(Task details): Transcribe the listing below in full, exactly, with no images.

─── Provided data ───

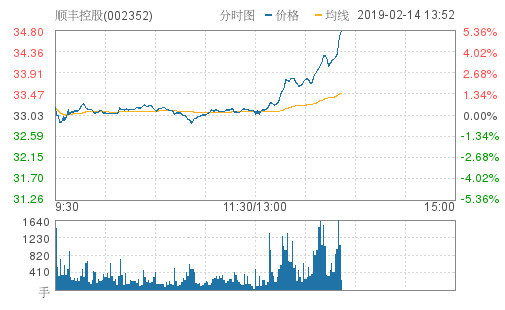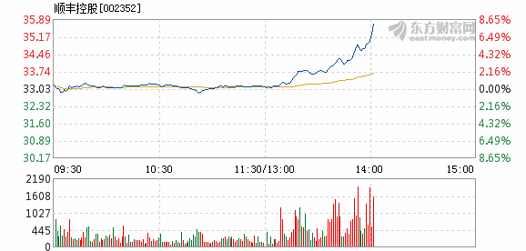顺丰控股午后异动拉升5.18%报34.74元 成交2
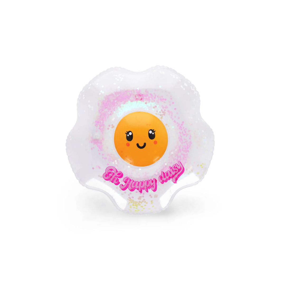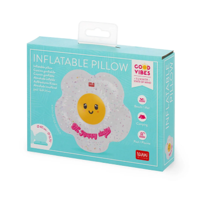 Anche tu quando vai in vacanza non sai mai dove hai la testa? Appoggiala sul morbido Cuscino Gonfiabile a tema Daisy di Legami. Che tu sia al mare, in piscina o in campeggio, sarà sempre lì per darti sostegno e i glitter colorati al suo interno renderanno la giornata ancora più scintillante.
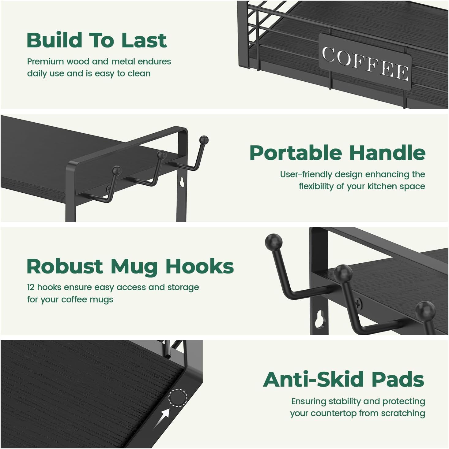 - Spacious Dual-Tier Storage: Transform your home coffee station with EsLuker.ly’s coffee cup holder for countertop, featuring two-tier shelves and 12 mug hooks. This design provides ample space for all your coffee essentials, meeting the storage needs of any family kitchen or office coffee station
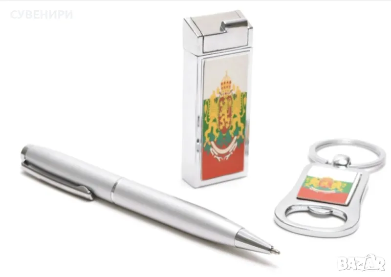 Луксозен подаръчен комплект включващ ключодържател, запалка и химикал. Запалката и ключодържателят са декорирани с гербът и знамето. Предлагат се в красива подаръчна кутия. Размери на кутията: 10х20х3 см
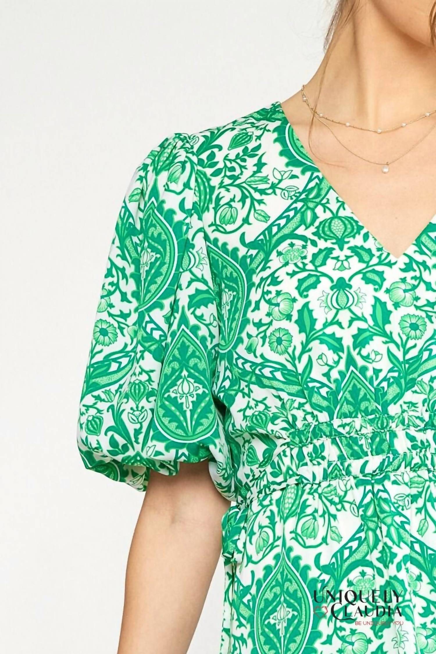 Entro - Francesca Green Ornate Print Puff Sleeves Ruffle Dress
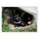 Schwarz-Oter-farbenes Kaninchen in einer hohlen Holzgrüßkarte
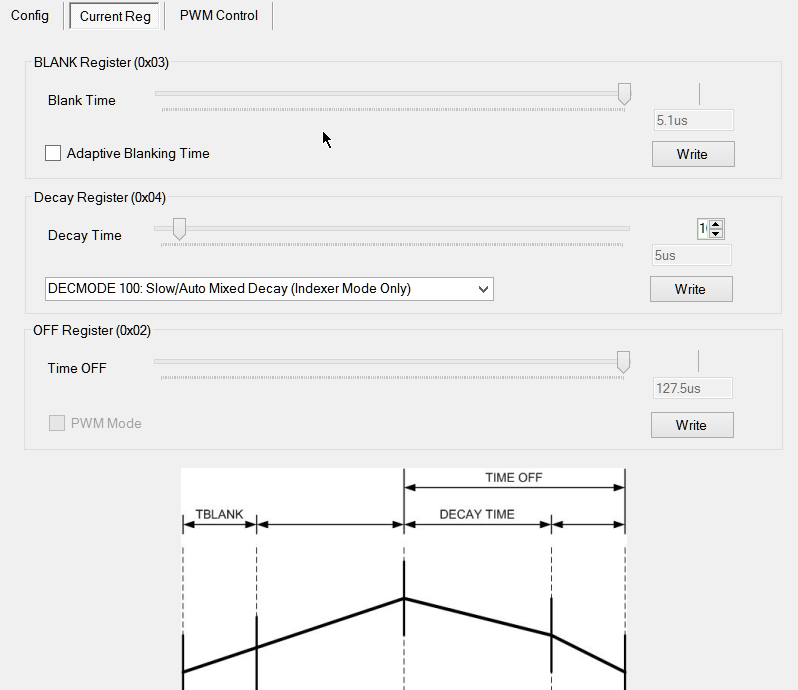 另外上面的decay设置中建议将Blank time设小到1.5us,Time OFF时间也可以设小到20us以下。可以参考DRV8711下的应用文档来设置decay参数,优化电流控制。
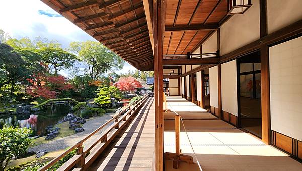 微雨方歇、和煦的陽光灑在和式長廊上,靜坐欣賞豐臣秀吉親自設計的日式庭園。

───

(Result):
顺丰控股午后异动拉升5.18%报34.74元 成交2
 Anche tu quando vai in vacanza non sai mai dove hai la testa? Appoggiala sul morbido Cuscino Gonfiabile a tema Daisy di Legami. Che tu sia al mare, in piscina o in campeggio, sarà sempre lì per darti sostegno e i glitter colorati al suo interno renderanno la giornata ancora più scintillante.
 - Spacious Dual-Tier Storage: Transform your home coffee station with EsLuker.ly’s coffee cup holder for countertop, featuring two-tier shelves and 12 mug hooks. This design provides ample space for all your coffee essentials, meeting the storage needs of any family kitchen or office coffee station
 Луксозен подаръчен комплект включващ ключодържател, запалка и химикал. Запалката и ключодържателят са декорирани с гербът и знамето. Предлагат се в красива подаръчна кутия. Размери на кутията: 10х20х3 см
 Entro - Francesca Green Ornate Print Puff Sleeves Ruffle Dress
 Schwarz-Oter-farbenes Kaninchen in einer hohlen Holzgrüßkarte
 另外上面的decay设置中建议将Blank time设小到1.5us,Time OFF时间也可以设小到20us以下。可以参考DRV8711下的应用文档来设置decay参数,优化电流控制。
 微雨方歇、和煦的陽光灑在和式長廊上,靜坐欣賞豐臣秀吉親自設計的日式庭園。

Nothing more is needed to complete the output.